Here are some questions related to common eye conditions.

Age-related macular degeneration

  • What is AMD?

    AMD is a degeneration of the central portion of the retina called the macula that occurs in older age. This is the part of the retina that we use for central vision – to read and see faces, so people who suffer from AMD usually find that reading becomes difficult, colours become less vibrant and faces are more difficult to recognise. It can occur suddenly but most people experience a slow change in their vision, with one eye more affected tan the other.
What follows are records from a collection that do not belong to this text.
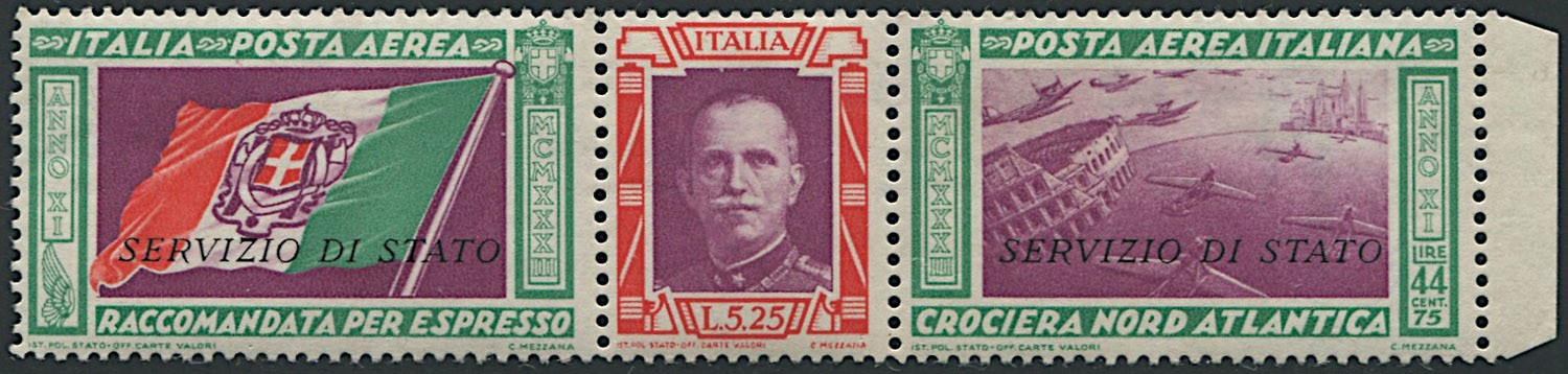 1933, Regno d'Italia, Servizio Aereo, Trittico sovrastampato Servizio di Stato (S. [..]
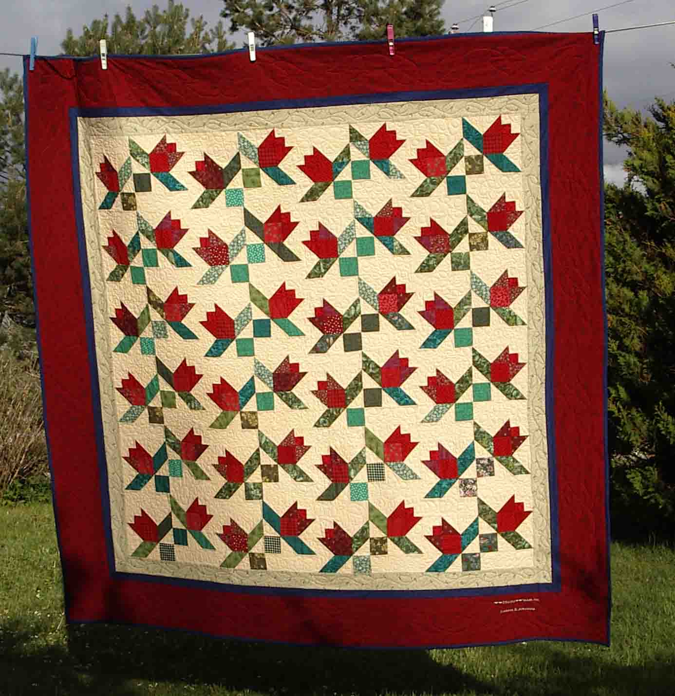 "Tulips" is a lap quilt 68" by 68" and made from scrap pieces of reds, greens, and teals. The pattern is from a design by Susan Murphy.
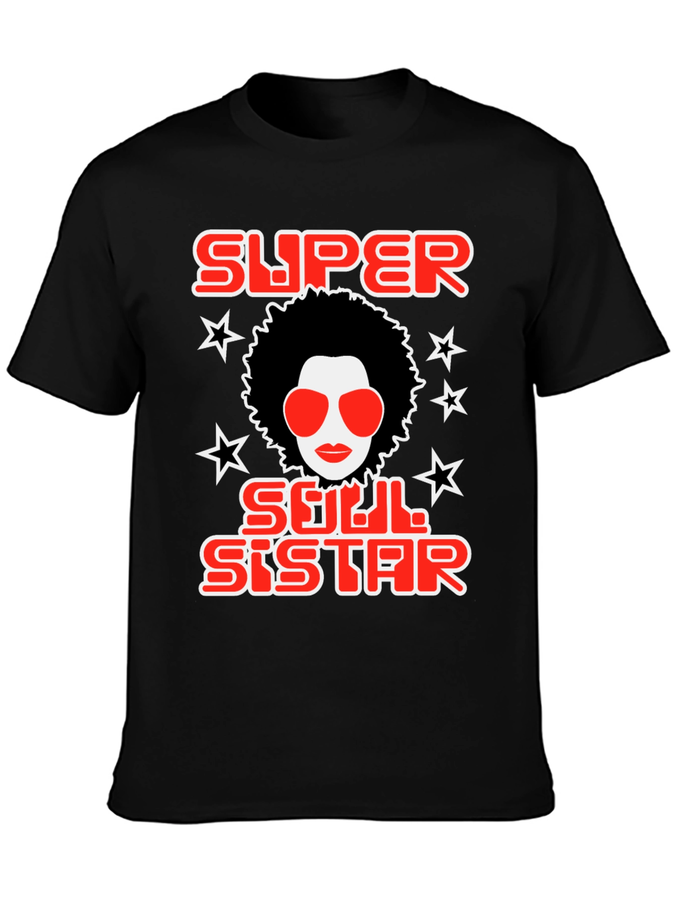Show off your soulful style with this eye-catching graphic t-shirt! Featuring the phrase "Super Soul Sister" in a bold red and white font, this shirt makes a statement. A central image of a woman with an afro and large red sunglasses adds a touch of retro flair, surrounded by star accents for a fun and playful vibe. Made from a comfortable, breathable fabric, this black t-shirt is perfect for casual wear. Whether you're heading to a concert, hanging out with friends, or simply want to express your unique personality, this tee is a great choice. Pair it with your favorite jeans or shorts for a stylish and effortless look.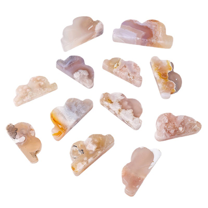 天然樱花玛瑙云朵雕刻件水晶原石玛瑙矿石标本家居桌面装饰摆件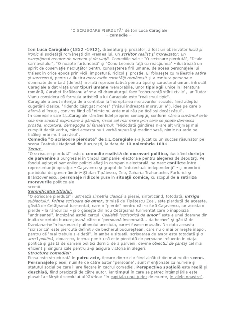 Doc O Scrisoare Pierduta Comedie Realista Comedie De Moravuri Politice De Ion Luca Caragiale Faby Adrian Academia Edu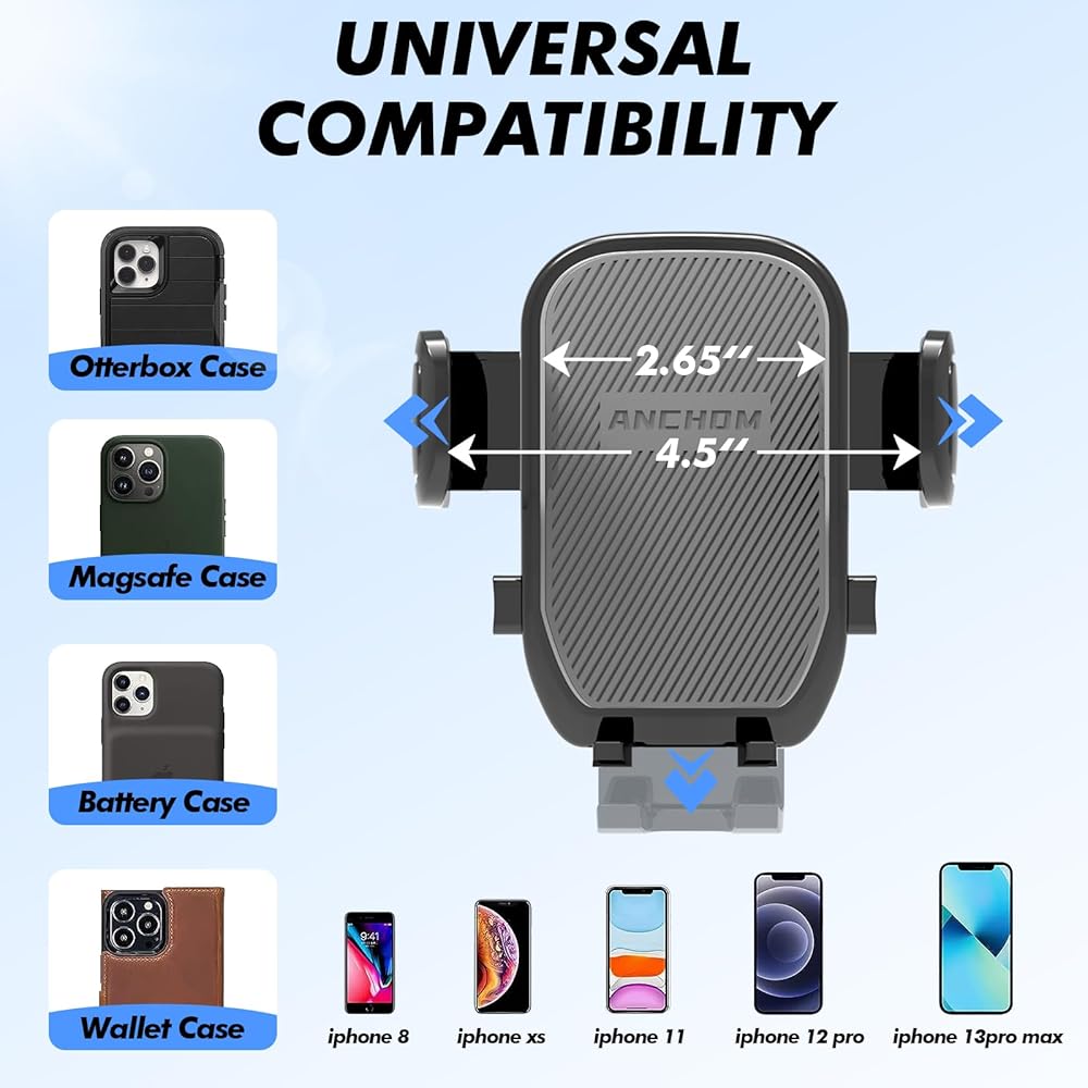 • 📱[هاتف كبير وجراب سميك] حامل هاتف السيارة مثالي للهواتف الذكية حتى 6.7 بوصة وحافظات الهاتف السميكة، متوافق مع 14/14 Plus/14 Pro/14 Pro Max/14 Mini/13/13 Pro/13 برو ماكس/13 ميني/12/12 برو/12 برو ماكس/12 ميني/11 برو ماكس/11 برو/11/XS MAX/XS/XR/X/8/8 Plus/ Samsung Galaxy Note20/S21/S21+/S20+ /S20 Ultra/ LG، إلخ. يتميز حامل هاتف السيارة بأنه قوي بشكل استثنائي لحمل هاتفك بإحكام.

If you find that your vision is becoming poorer, visit your optometrist who can easily check for signs of AMD.

Amblyopia

  • How can Amblyopia be treated?

    If it is detected early, especially before the age of five, a lazy eye can be encouraged to work properly with a combination of patching, glasses and/or surgery.

  • What is Amblyopia?

    More commonly known as lazy eye, Amblyopia is a condition where the connections between the eye and the brain are underdeveloped. This is often due to a squint or severe blurred vision in one eye during childhood.

Astigmatism

  • Are there any treatments for astigmatism?

    It is easy for your optometrist to detect astigmatism. One analogy they often use to explain your focussing problem is to explain that your eye is shaped slightly more like a rugby ball than a perfect round. If the problem is significantly affecting your vision, your optometrist can prescribe glasses to sharpen your vision.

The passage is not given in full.